Without any pictures, restate the full set of records below exactly.

### RECORDED INFORMATION
=======
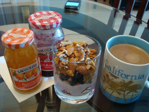 MINE: 優酪乳, 喜瑞兒, 核桃 2-3顆, 杏仁 3顆 + 新鮮草莓 & 藍莓 + 咖啡一杯
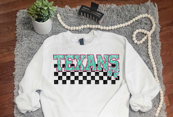 Turquoise And Pink Faux Embroidery Texans 74115 DTF Transfer
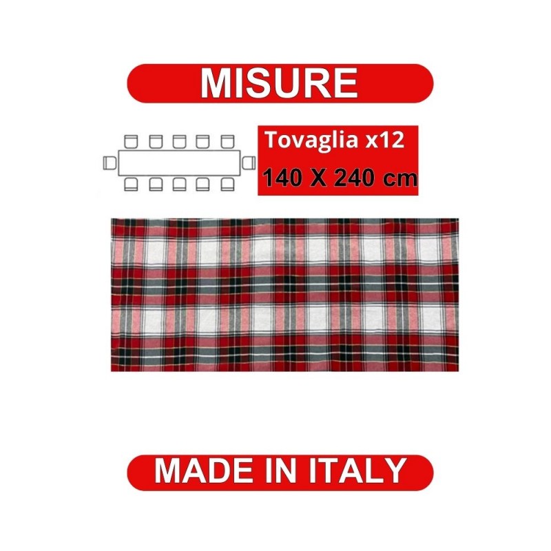 Materiale: La tovaglia natalizia e' realizzata in 50% cotone e 50% poliestere di alta qualità, un mix di materiali che rende il copritavola resistente agli strappi, non si restringe dopo intensi e ripetuti lavaggi, facile da pulire e assolutamente durevole nel tempo - caratteristica particolare del copritavola è la presenza di inserti in lurex color oro presenti sulla trama scozzese della tovaglia, volti a creare un effetto luminoso e scintillante che abbellisca ancor di più la tavola natalizia
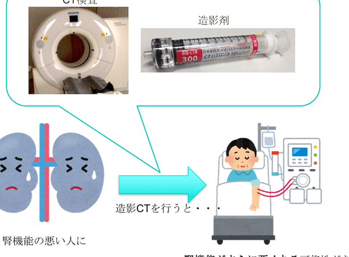 造影剤は、画像診断を助けるために使用されますが、腎機能に影響を及ぼすことがあります。具体的な影響は以下の通りです。
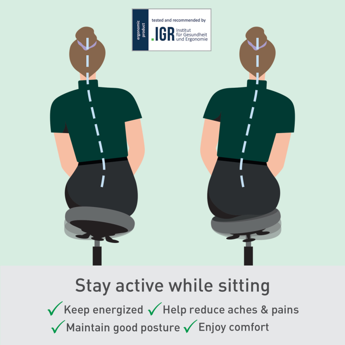 Trojuholníkový tvar sedadla, podobný sedlovým stoličkám, rovnomerne rozkladá hmotnosť na panvové kosti. Mäkké penové čalúnenie znižuje tlak na stehná a nohy celkovo.
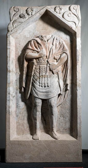 - Einfach gerahmte Bildnische mit offenem Giebel, über den Giebelschrägen Halbpalmetten und Rosetten. Stehende Ganzfigur eines Soldaten in kurzer Tunica, Paenula und Halstuch, vorn am Gürtel vier Riemen mit Metallbeschlägen. Waffen: Gürtel mit Schwert und Dolch. In der linken Hand (mit Fingerring) Schreibtafel (Diptychon).
=======
### WORKED SOLUTION
 MINE: 優酪乳, 喜瑞兒, 核桃 2-3顆, 杏仁 3顆 + 新鮮草莓 & 藍莓 + 咖啡一杯
 Turquoise And Pink Faux Embroidery Texans 74115 DTF Transfer
 Materiale: La tovaglia natalizia e' realizzata in 50% cotone e 50% poliestere di alta qualità, un mix di materiali che rende il copritavola resistente agli strappi, non si restringe dopo intensi e ripetuti lavaggi, facile da pulire e assolutamente durevole nel tempo - caratteristica particolare del copritavola è la presenza di inserti in lurex color oro presenti sulla trama scozzese della tovaglia, volti a creare un effetto luminoso e scintillante che abbellisca ancor di più la tavola natalizia
 造影剤は、画像診断を助けるために使用されますが、腎機能に影響を及ぼすことがあります。具体的な影響は以下の通りです。
 Trojuholníkový tvar sedadla, podobný sedlovým stoličkám, rovnomerne rozkladá hmotnosť na panvové kosti. Mäkké penové čalúnenie znižuje tlak na stehná a nohy celkovo.
 - Einfach gerahmte Bildnische mit offenem Giebel, über den Giebelschrägen Halbpalmetten und Rosetten. Stehende Ganzfigur eines Soldaten in kurzer Tunica, Paenula und Halstuch, vorn am Gürtel vier Riemen mit Metallbeschlägen. Waffen: Gürtel mit Schwert und Dolch. In der linken Hand (mit Fingerring) Schreibtafel (Diptychon).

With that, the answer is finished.